"Zero Displacement at Time t=? - Solve for t

[DrunkEngineer]

Homework Statement

A body experiences acceleration "a" given by the expression a=At-Bt^2 where A and B are constants and t is time.
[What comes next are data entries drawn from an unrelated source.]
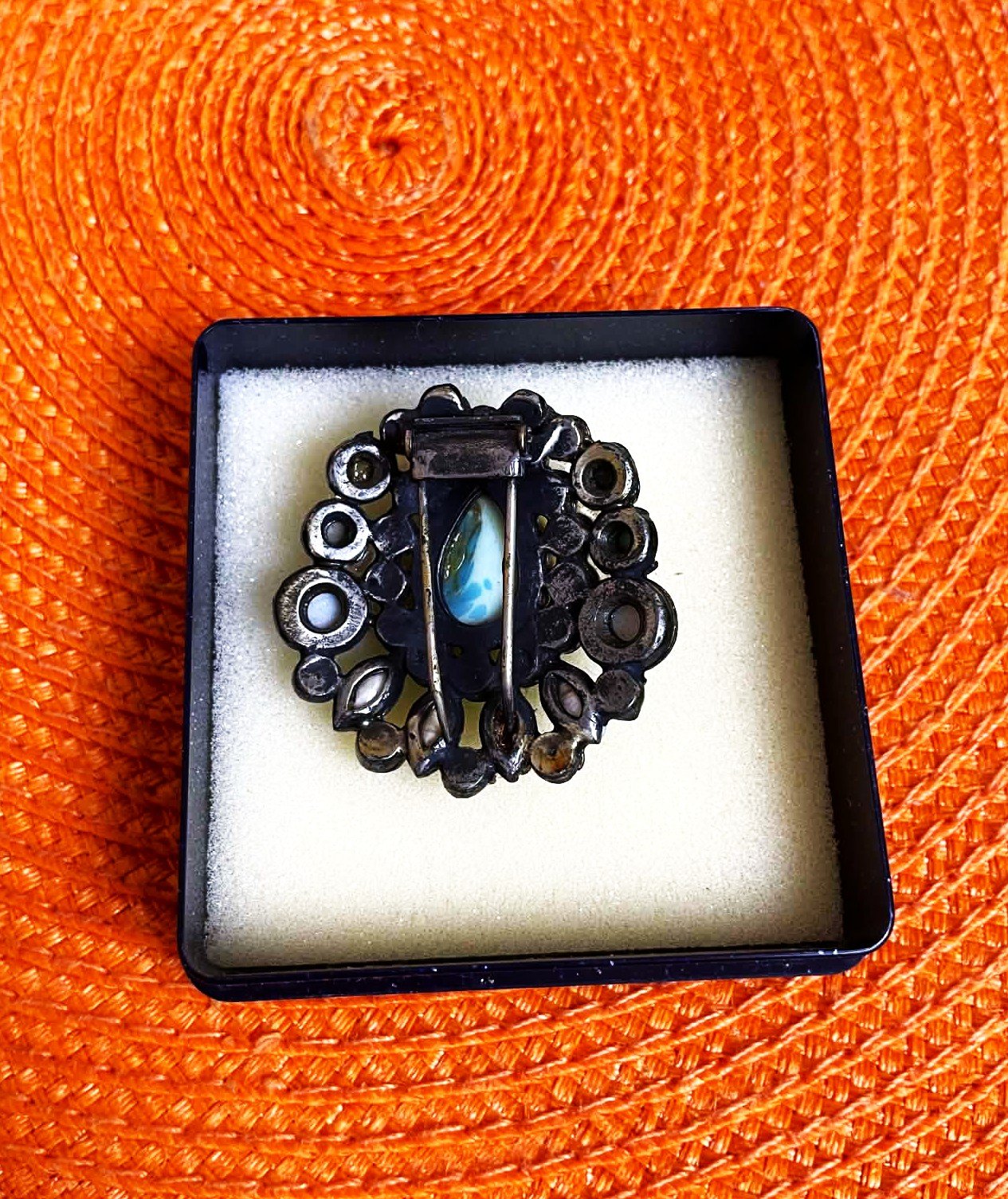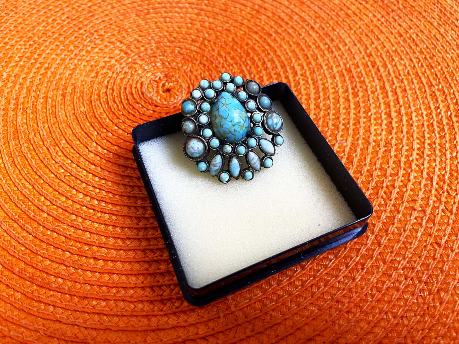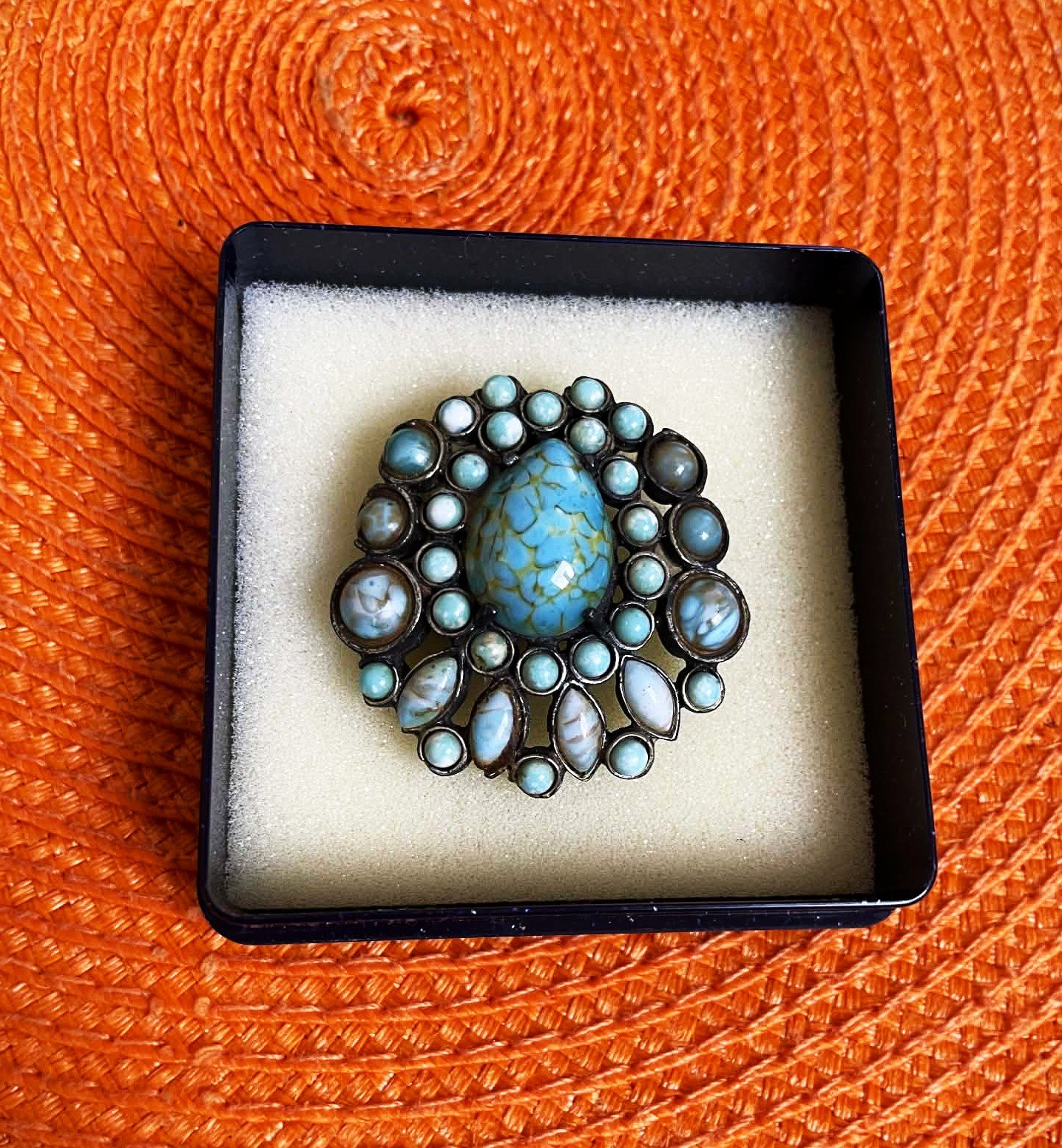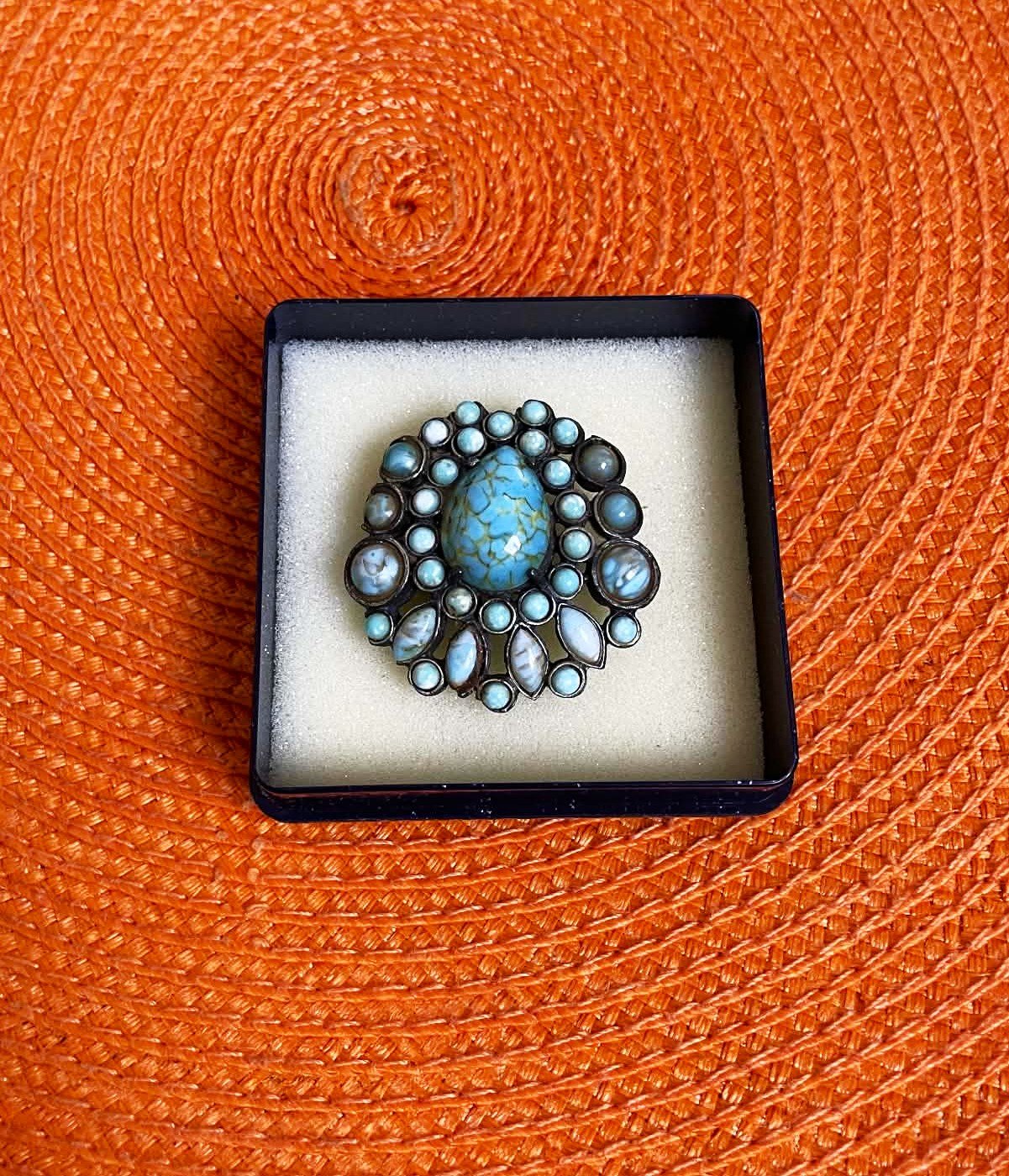 starožitná brošňa v štýle Native American Navajo z polovice 20. storočia, typický pre tyrkysové a strieborné prevedenie,dizajn šperku je charakteristický usporiadaním kameňov do kvetinového alebo hviezdicového zoskupenia, čo je typický štýl v šperkoch Native American cluster,brošňa obsahuje centrálny oválny kabošon a množstvo menších okrúhlych a oválnych kameňov v odtieňoch modrej a tyrkysovej,kovové telo šperku má strieborný alebo patinovaný strieborný tón,je bez poškodená, cca 4 x 4 cm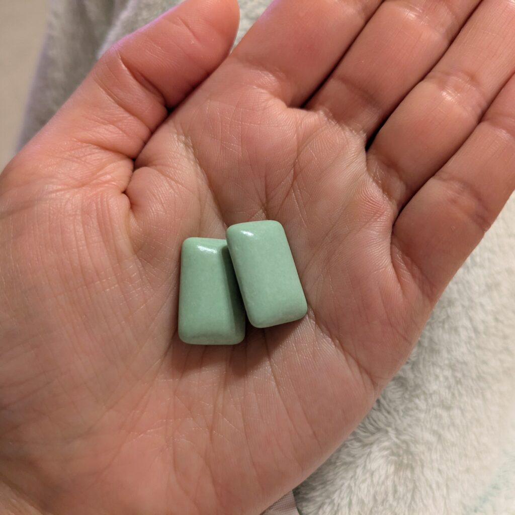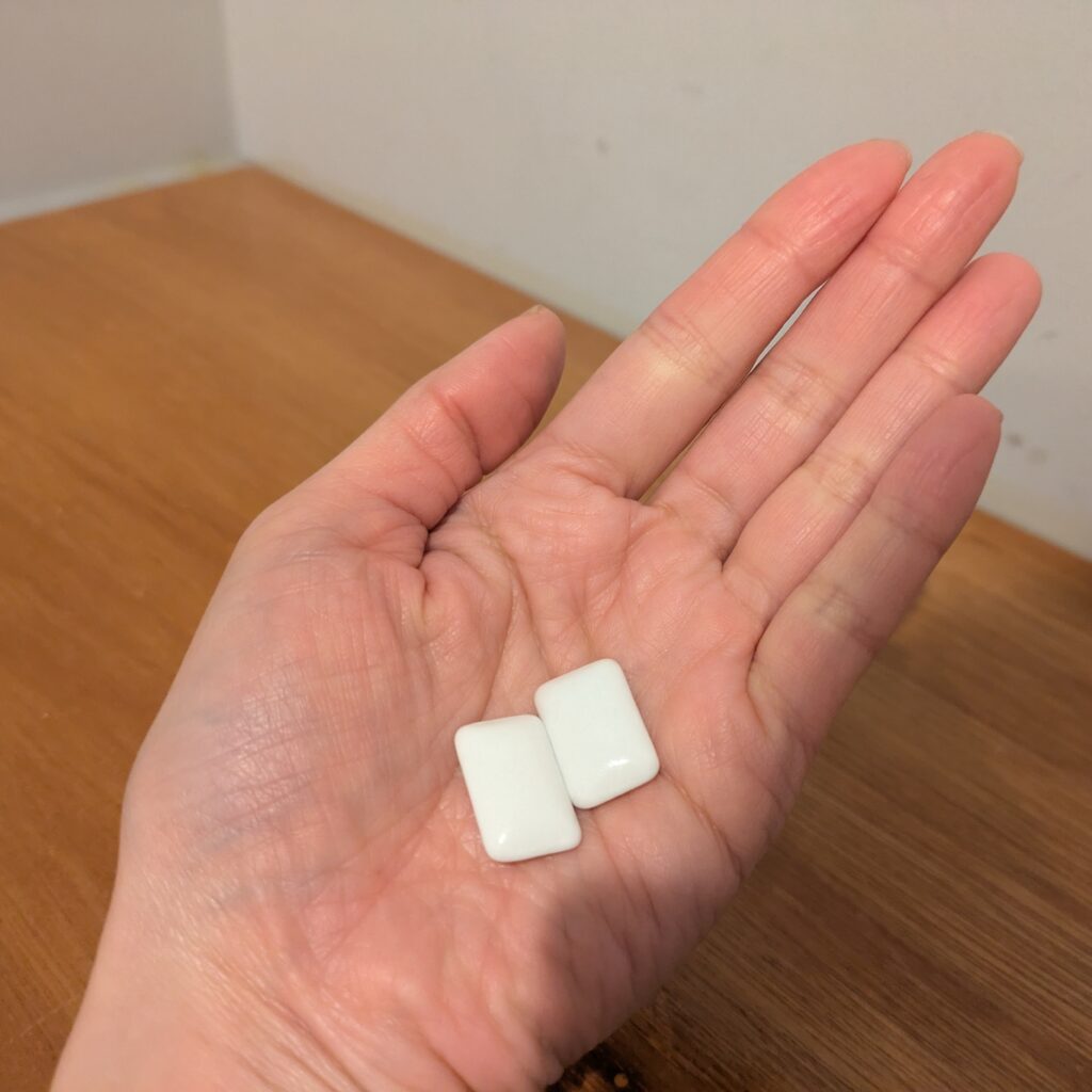 久々に噛んでみると、どちらも程よい硬さで噛みごたえがあります。ミントガムってなんだか辛いイメージがあったのですが、キシリトールガム〈ライムミント〉、キシリトール オーラテクトガム〈クリアミント〉のどちらも、優しい甘みが感じられて噛みやすかったです!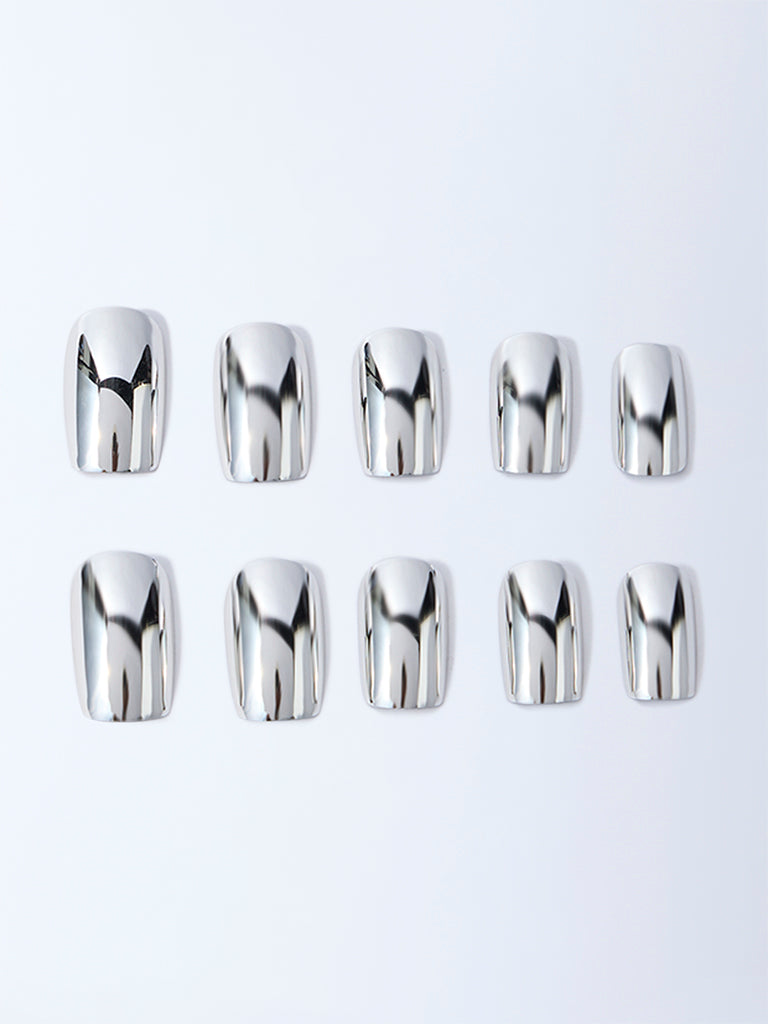 Make an impact with Studiowest’s Silver Metal Press-On Nail Set, finished in a mirrored chrome effect for high-shine intensity. The kit includes 24 reusable press-on nails, 24 glue tabs, a cuticle stick, and a nail file. Pre-shaped with a squared tip, the nails deliver a sleek, futuristic edge that applies in minutes without the need for polish. Lightweight yet durable, they sit comfortably while offering a salon-like finish. Easy to fix and remove, this set is a bold choice for evening edits, styled shoots or statement occasions.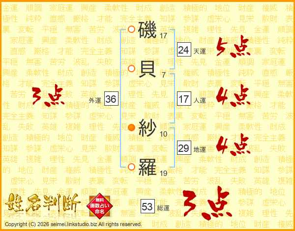 磯(17画)貝(7画) 紗(10画)羅(19画)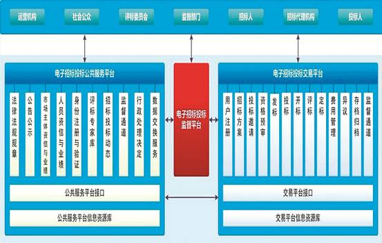 交易平台是以数据电文形式完成招标投标交易活动的信息平台。公共服务平台是满足交易平台之间信息交换、资源共享需要,并为市场主体、行政监督部门和社会公众提供信息服务的平台。行政监督平台是行政监督部门和监察机关在线监督电子招标投标活动的信息平台。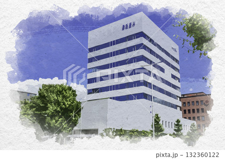 水彩画風 とりぎん文化会館 鳥取県立県民文化会館 鳥取県鳥取市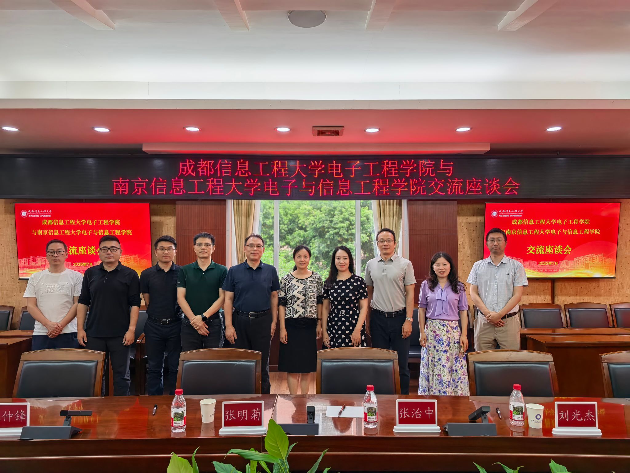 2025 年 7 月 25 日,南京信息工程大学电子与信息工程学院党委书记张明菊、院长张治中一行到访电子工程学院开展调研交流活动。调研座谈会由电子工程学院院长张福贵主持,电子工程学院党委书记缪燕平、光电工程学院院长杨定宇、国际交流与合作处处长杨智鹏及电子工程学院相关领导、教师代表出席会议。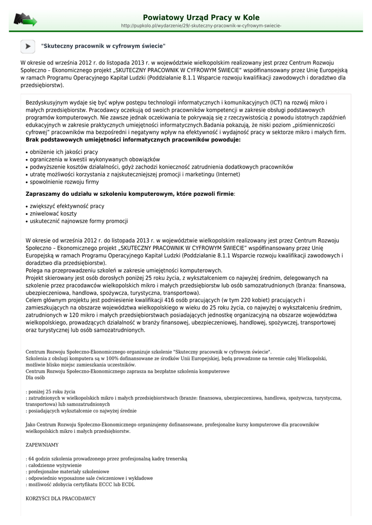 Powiatowy Urząd Pracy w Kole http://pupkolo.pl/wydarzenie/29/-skuteczny-pracownik-w-cyfrowym-swiecie- "Skuteczny pracownik w cyfrowym świecie" W okresie od września 2012 r. do listopada 2013 r. w województwie wielkopolskim realizowany jest przez Centrum Rozwoju Społeczno – Ekonomicznego projekt „SKUTECZNY PRACOWNIK W CYFROWYM ŚWIECIE” współfinansowany przez Unię Europejską w ramach Programu Operacyjnego Kapitał Ludzki (Poddziałanie 8.1.1 Wsparcie rozwoju kwalifikacji zawodowych i doradztwo dla przedsiębiorstw). Bezdyskusyjnym wydaje się być wpływ postępu technologii informatycznych i komunikacyjnych (ICT) na rozwój mikro i małych przedsiębiorstw. Pracodawcy oczekują od swoich pracowników kompetencji w zakresie obsługi podstawowych programów komputerowych. Nie zawsze jednak oczekiwania te pokrywają się z rzeczywistością z powodu istotnych zapóźnień edukacyjnych w zakresie praktycznych umiejętności informatycznych.Badania pokazują, że niski poziom „piśmienniczości cyfrowej” pracowników ma bezpośredni i negatywny wpływ na efektywność i wydajność pracy w sektorze mikro i małych firm. Brak podstawowych umiejętności informatycznych pracowników powoduje: ● ● ● ● ● obniżenie ich jakości pracy ograniczenia w kwestii wykonywanych obowiązków podwyższenie kosztów działalności, gdyż zachodzi konieczność zatrudnienia dodatkowych pracowników utratę możliwości korzystania z najskuteczniejszej promocji i marketingu (Internet) spowolnienie rozwoju firmy Zapraszamy do udziału w szkoleniu komputerowym, które pozwoli firmie: ● ● ● zwiększyć efektywność pracy zniwelować koszty uskutecznić najnowsze formy promocji W okresie od września 2012 r. do listopada 2013 r. w województwie wielkopolskim realizowany jest przez Centrum Rozwoju Społeczno – Ekonomicznego projekt „SKUTECZNY PRACOWNIK W CYFROWYM ŚWIECIE” współfinansowany przez Unię Europejską w ramach Programu Operacyjnego Kapitał Ludzki (Poddziałanie 8.1.1 Wsparcie rozwoju kwalifikacji zawodowych i doradztwo dla przedsiębiorstw). Polega na przeprowadzeniu szkoleń w zakresie umiejętności komputerowych. Projekt skierowany jest osób dorosłych poniżej 25 roku życia, z wykształceniem co najwyżej średnim, delegowanych na szkolenie przez pracodawców wielkopolskich mikro i małych przedsiębiorstw lub osób samozatrudnionych (branża: finansowa, ubezpieczeniowa, handlowa, spożywcza, turystyczna, transportowa). Celem głównym projektu jest podniesienie kwalifikacji 416 osób pracujących (w tym 220 kobiet) pracujących i zamieszkujących na obszarze województwa wielkopolskiego w wieku do 25 roku życia, co najwyżej o wykształceniu średnim, zatrudnionych w 120 mikro i małych przedsiębiorstwach posiadających jednostkę organizacyjną na obszarze województwa wielkopolskiego, prowadzących działalność w branży finansowej, ubezpieczeniowej, handlowej, spożywczej, transportowej oraz turystycznej lub osób samozatrudnionych. Centrum Rozwoju Społeczno-Ekonomicznego organizuje szkolenie "Skuteczny pracownik w cyfrowym świecie". Szkolenia z obslugi komputera są w 100% dofinansowane ze środków Unii Europejskiej, będą prowadzone na terenie całej Wielkopolski, możliwie blisko miejsc zamieszkania uczestników. Centrum Rozwoju Społeczno-Ekonomicznego zaprasza na bezpłatne szkolenia komputerowe Dla osób : poniżej 25 roku życia : zatrudnionych w wielkopolskich mikro i małych przedsiębiorstwach (branże: finansowa, ubezpieczeniowa, handlowa, spożywcza, turystyczna, transportowa) lub samozatrudnionych : posiadających wykształcenie co najwyżej średnie Jako Centrum Rozwoju Społeczno-Ekonomicznego organizujemy dofinansowane, profesjonalne kursy komputerowe dla pracowników wielkopolskich mikro i małych przedsiębiorstw. ZAPEWNIAMY : 64 godzin szkolenia prowadzonego przez profesjonalną kadrę trenerską : całodzienne wyżywienie : profesjonalne materiały szkoleniowe : odpowiednio wyposażone sale ćwiczeniowe i wykładowe : możliwość zdobycia certyfikatu ECCC lub ECDL KORZYŚCI DLA PRACODAWCY : zdobycie przez pracowników poświadczonych kwalifikacji w wykorzystaniu narzędzi informatycznych poświadczonych certyfikatem : pełne wykorzystanie potencjału pracowników w zakresie praktycznych umiejętności obsługi komputera : wzrost efektywności pracy oraz zaangażowania pracowników SZKOLENIE JEST W 100 % DOFINANSOWANE ZE ŚRODKÓW UNII EUROPEJSKIEJ PROGRAM SZKOLENIA 1. Podstawy technik informatycznych 2. Użytkowanie komputerów 3. MS Word – przetwarzanie tekstów 4. MS Excel – arkusze kalkulacyjne 5. MS Access – bazy danych 6. Grafika menedżerska i prezentacja 7. Prezentacja oraz usługi w sieciach informatycznych MIEJSCE SZKOLENIA Szkolenia odbywają się na terenie Wielkopolski w zależności od zapotrzebowania, po uzbieraniu się grupy około 16 osób. Staramy się organizować kursy możliwie blisko miejsca zamieszkania lub pracy uczestników w dniach i godzinach zgodnie z preferencjami zebranej grupy. Jeśli spełniasz wszystkie kryteria, nie czekaj! ZAPISZ SIĘ NA SZKOLENIE!!! ZDOBĄDŹ EUROPEJSKIE KOMPUTEROWE PRAWO JAZDY SZCZEGÓŁOWE INFORMACJE Biuro Projektu w Poznaniu: (czynne poniedziałek - piątek w godz. 8.00 - 16.00) ul. Sienkiewicza 22, pok. 603 60-818 Poznań tel. 61 662 84 22 kom. 604 724 468 [email protected] www.skutecznypracownik.org.pl

If at time t=0, the body has zero displacement and velocity, at what next value of time does the body again have zero displacement?

Homework Equations

a is in m/s^2
v is in m/s
d is in m

The Attempt at a Solution

when t=0
displacement
at^2 = d = 0 = At^3 - Bt^4
velocity
at = v = 0 = At^2 - Bt^3

 

[Doc Al]

Please write the full expressions for v(t) and x(t).

 

[DrunkEngineer]

v(t) is velocity
dv/dt = At - Bt^2
dv = dt(At - Bt^2)

v(t) = \frac{At^{2}}{2} - \frac{Bt^{3}}{3} + Constant

x(t) is displacement
dx(t)/dt = (At^2)/2 - (Bt^3)/3 + Constant
dx(t) = ((At^2)/2 - (Bt^3)/3 + Constant)dt

x(t) = \frac{At^{3}}{6} - \frac{Bt^{4}}{12} + Constant

 

[Doc Al]

Good. What must each "Constant" equal?

 

[DrunkEngineer]

initial velocity
v(t) = \frac{At^{2}}{2} - \frac{Bt^{3}}{3} + v_{o}

initial displacement
x(t) = \frac{At^{3}}{6} - \frac{Bt^{4}}{12} + x_{o}

at t = 0;
For v(t):
v(0) = v_{o}

since v_{o} = 0 at time t = 0
v(0) = 0

For x(t):
x(0) = x_{o}

since x_{o} = 0 at time t = 0
x(0) = 0when :
x(t) = 0
x(t) = \frac{At^{3}}{6} - \frac{Bt^{4}}{12} + x_{o}

0 = \frac{At^{3}}{6} - \frac{Bt^{4}}{12} + 0

\frac{At^{3}}{6} = \frac{Bt^{4}}{12}

\frac{A}{6} = \frac{Bt}{12}

\frac{2A}{B} = t

 

[Doc Al]

Looks good to me.